> RECORD EXCERPTS
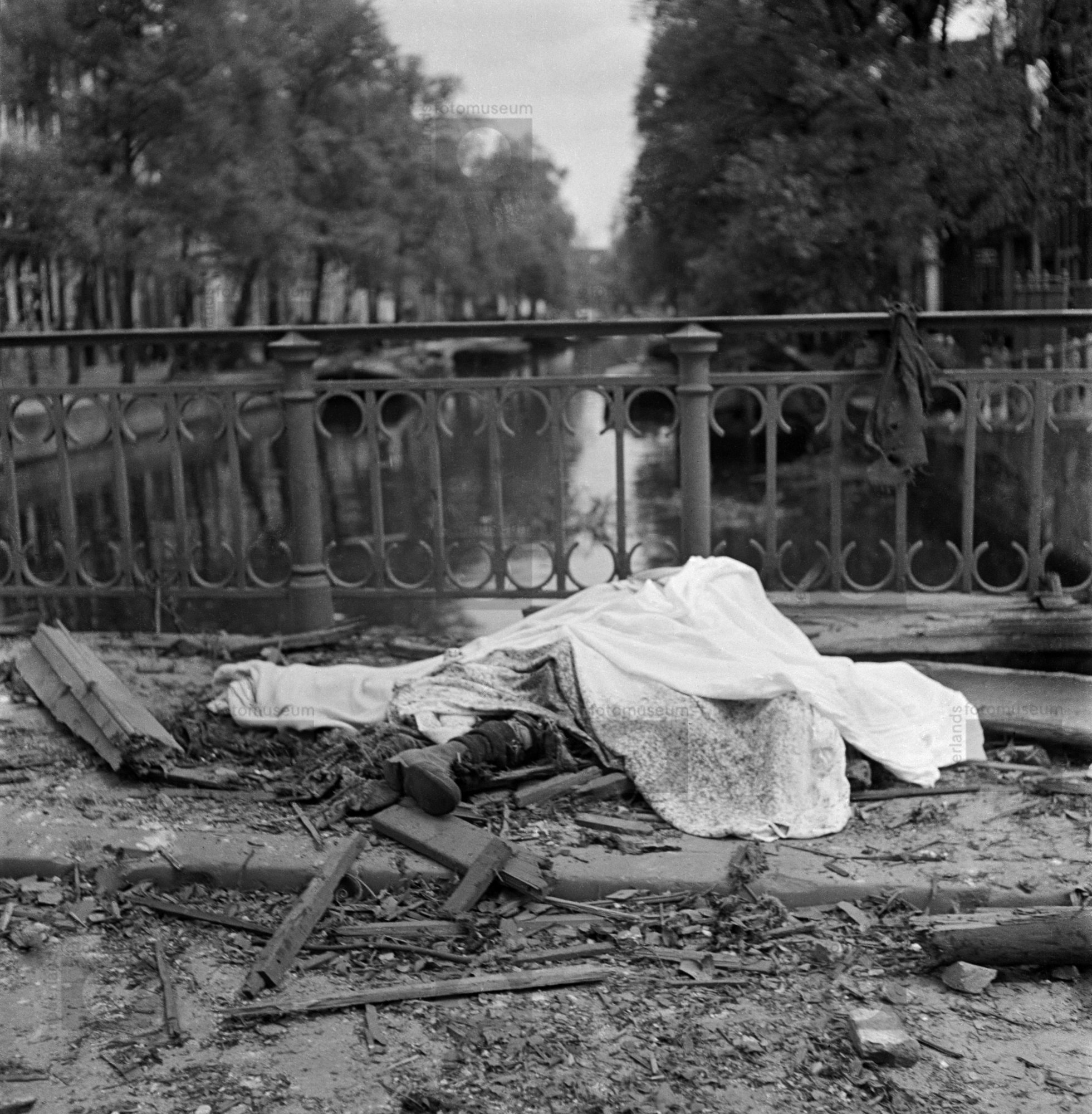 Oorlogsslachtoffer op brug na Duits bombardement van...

--

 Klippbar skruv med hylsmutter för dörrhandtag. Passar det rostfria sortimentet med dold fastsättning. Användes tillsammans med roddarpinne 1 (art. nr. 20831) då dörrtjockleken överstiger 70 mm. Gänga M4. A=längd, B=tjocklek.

---

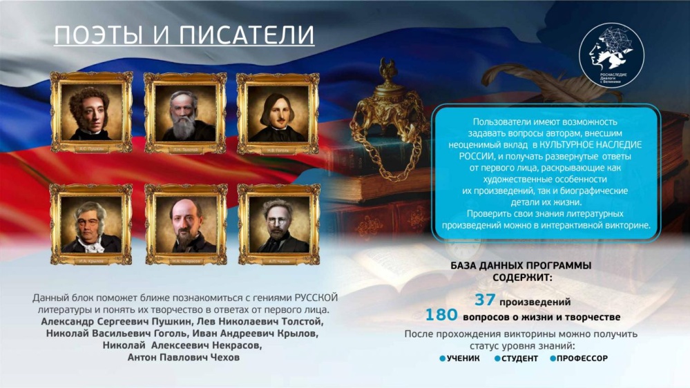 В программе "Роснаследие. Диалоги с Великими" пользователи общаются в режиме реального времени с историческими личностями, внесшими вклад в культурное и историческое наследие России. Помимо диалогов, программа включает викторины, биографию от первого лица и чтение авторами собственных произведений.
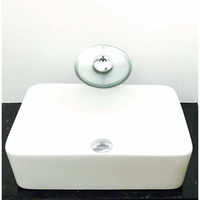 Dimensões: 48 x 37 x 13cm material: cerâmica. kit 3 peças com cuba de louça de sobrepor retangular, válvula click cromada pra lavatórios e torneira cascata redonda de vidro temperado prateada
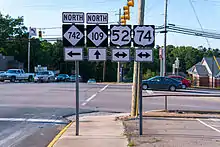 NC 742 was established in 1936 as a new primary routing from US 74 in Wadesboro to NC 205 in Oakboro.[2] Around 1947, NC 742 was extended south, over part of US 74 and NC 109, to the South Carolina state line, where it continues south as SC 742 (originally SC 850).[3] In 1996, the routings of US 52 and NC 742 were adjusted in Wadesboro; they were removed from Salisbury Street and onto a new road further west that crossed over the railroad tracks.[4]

> PROBLEM TO WORK ON
Your copy should hold only the lines above from the one containing "авторами собственных произведений." through the one containing "Dimensões: 48 x", exactly as written and free of pictures.

> PROBLEM SOLUTION
 В программе "Роснаследие. Диалоги с Великими" пользователи общаются в режиме реального времени с историческими личностями, внесшими вклад в культурное и историческое наследие России. Помимо диалогов, программа включает викторины, биографию от первого лица и чтение авторами собственных произведений.
 Dimensões: 48 x 37 x 13cm material: cerâmica. kit 3 peças com cuba de louça de sobrepor retangular, válvula click cromada pra lavatórios e torneira cascata redonda de vidro temperado prateada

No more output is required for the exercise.